The International Olympic Committee (IOC), and its International Sports Federation members, has long recognised this and there is a very strong history of efforts to reduce the frequency and severity of these injuries. But how do we know this?

The answer is … the injury tally.

While injuries have been recorded to some extent at most Olympics over the past few decades, at the Beijing Games a commitment was made to implementing a robust injury surveillance system. The aim was to record the details of every injury incurred during the competition for which some form of medical or allied health treatment was provided to the injured athlete. The 2012 London Games have the benefit of the most sophisticated form of injury recording and surveillance yet applied at an international multisport event. Injuries will be tabulated and tallies created of the most common body parts injured, the most common types of injury, which sports lead to more injuries than others and the causes of those injuries.

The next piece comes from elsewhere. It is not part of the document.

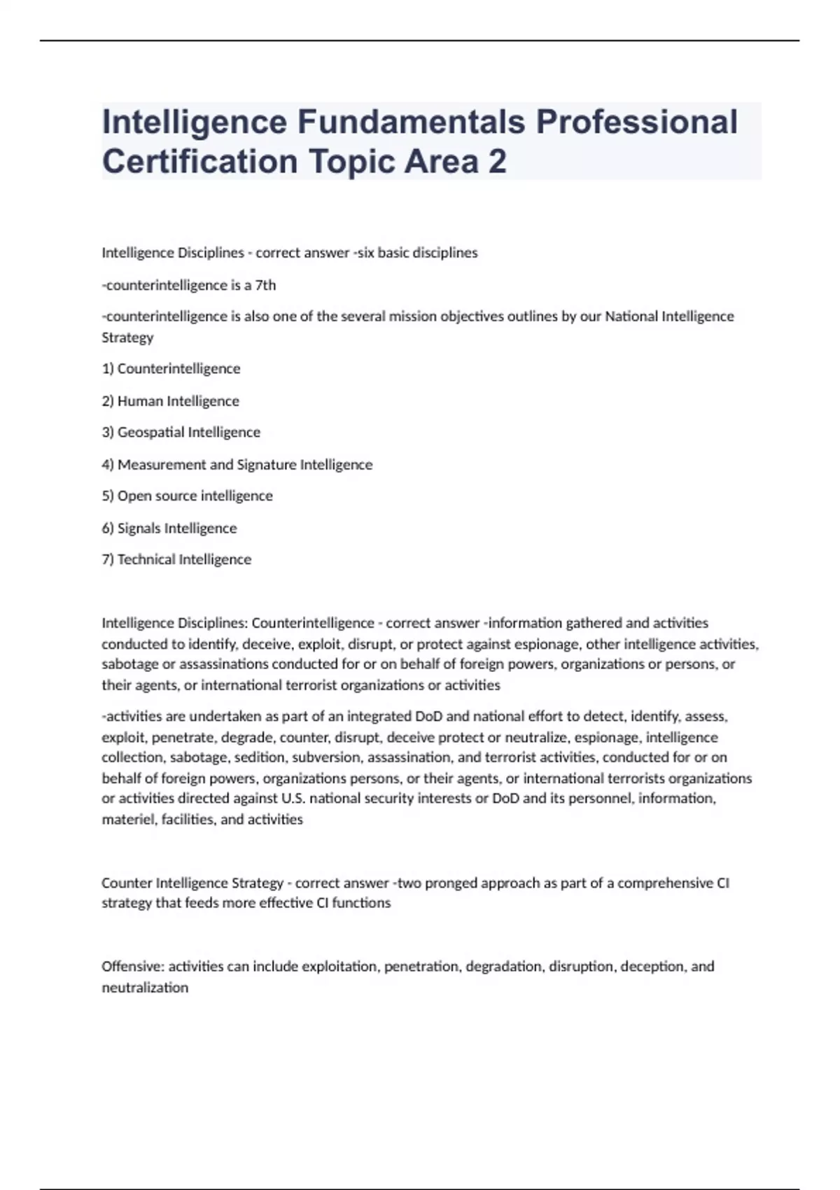 Intelligence Fundamentals Professional Certification Topic Area 2Intelligence Disciplines - correct answer -six basic disciplines -counterintelligence is a 7th -counterintelligence is also one of the several mission objectives outlines by our National Intelligence Strategy 1) Counterintelligence 2) Human Intelligence 3) Geospatial Intelligence 4) Measurement and Signature Intelligence 5) Open source intelligence 6) Signals Intelligence 7) Technical Intelligence Intelligence Disciplines: Counterintelligence - correct answer -information gathered and activities conducted to identify, deceive, exploit, disrupt, or protect against espionage, other intelligence activities, sabotage or assassinations conducted for or on behalf of foreign powers, organizations or persons, or their agents, or international terrorist organizations or activities -activities are undertaken as part of an integrated DoD and national effort to detect, identify, assess, exploit, penetrate, degrade, counter, disrupt, deceive protect or neutralize, espionage, intelligence collection, sabotage, sedition, subversion, assassination, and terrorist activities, conducted for or on behalf of foreign powers, organizations persons, or their agents, or international terrorists organizations or activities directed against U.S. national security interests or DoD and its personnel, information, materiel, facilities, and activities Counter Intelligence Strategy - correct answer -two pronged approach as part of a comprehensive CI strategy that feeds more effective CI functions Offensive: activities can include exploitation, penetration, degradation, disruption, deception, and neutralization Defensive: activities can include detection, identification, and assessment, protection and other countering activities Counterintelligence Activity Functions - correct answer counterintelligence activities encompass five functions: 1) collection 2) analysis 3) production of intelligence 4) investigation; which include the detection, identification, exploitation, and/or neutralization of adversary intelligence threats directed against the US 5) Functional Services- activities that support other intelligence or DoD operations by providing specialized defensive CI services such as red teaming, or threat vulnerability assessments also known as TVAs. -CI Activities are undertaken to support the 4 CI missions Counterintelligence Missions - correct answer 1) Countering Espionage 2) Support to Force Protection 3) Support to Critical Infrastructure Program 4) Analytic and Operational Support Counterintelligence Missions: Countering Espionage - correct answer -countering espionage, international terrorism, and the CI insider threat -tie into counterintelligence investigations using both offensive and defensive activities Counterintelligence Missions: Support to Force Protection - correct answer -includes performing functional services primarily in a defensive posture and in direct support to operations and military units performing operations Counterintelligence Missions: Support to Critical Infrastructure - correct answer -includes systems and assets, whether physical or virtual, so vital to the United States that the incapacity or destruction of such

This information is invaluable to Games organisers because it provides important information for medico-legal reasons. It also gives a neat summary to future games organisers for key logistic and planning issues. How many polyclinic sites for injury treatment will they need to provide for? What numbers of professionals do they need to staff these clinics and what should be the ratio of doctors to physiotherapists to nurses, etc? How many treatment or massage tables need to be available at any given time? How many rolls of tape do they need to pre-order? What first aid supplies do they need to provide in kits and how should they distribute them across Game venues?

But even more importantly, the injury tally gives information that is incredibly important for injury prevention purposes. If the tally highlights a lot of injuries in a given sport, information about how and why the injuries occurred can then be used to implement prevention strategies to reduce the risk of further injury. Ideally, with real time surveillance there is very quick data feedback, so these measures can be implemented straight away. In more complex cases, the information can be used to plan for safer sporting environments in future Games or fed back to peak sports bodies to inform their delivery of safer sport.

Ok. I can accept that not perhaps everyone is as keen on the injury tally as I am.

But for sports injury prevention researchers like me, the injury tally is a goldmine of information. It gives strong justification for investment in injury prevention research and provides an evidence-base to help prioritise our research efforts. Most crucially, it highlights areas most in need of injury prevention initiatives and can profoundly affect the way we think about how to optimally deliver sports safety programs. But perhaps, best of all, when compared with previous Games, the injury tally for 2012 should demonstrate where we have been successful because it will also show up areas where the number of injuries are much fewer than before, exactly because of our preventive efforts.

Gold medals for performance. Golden injury surveillance data for prevention!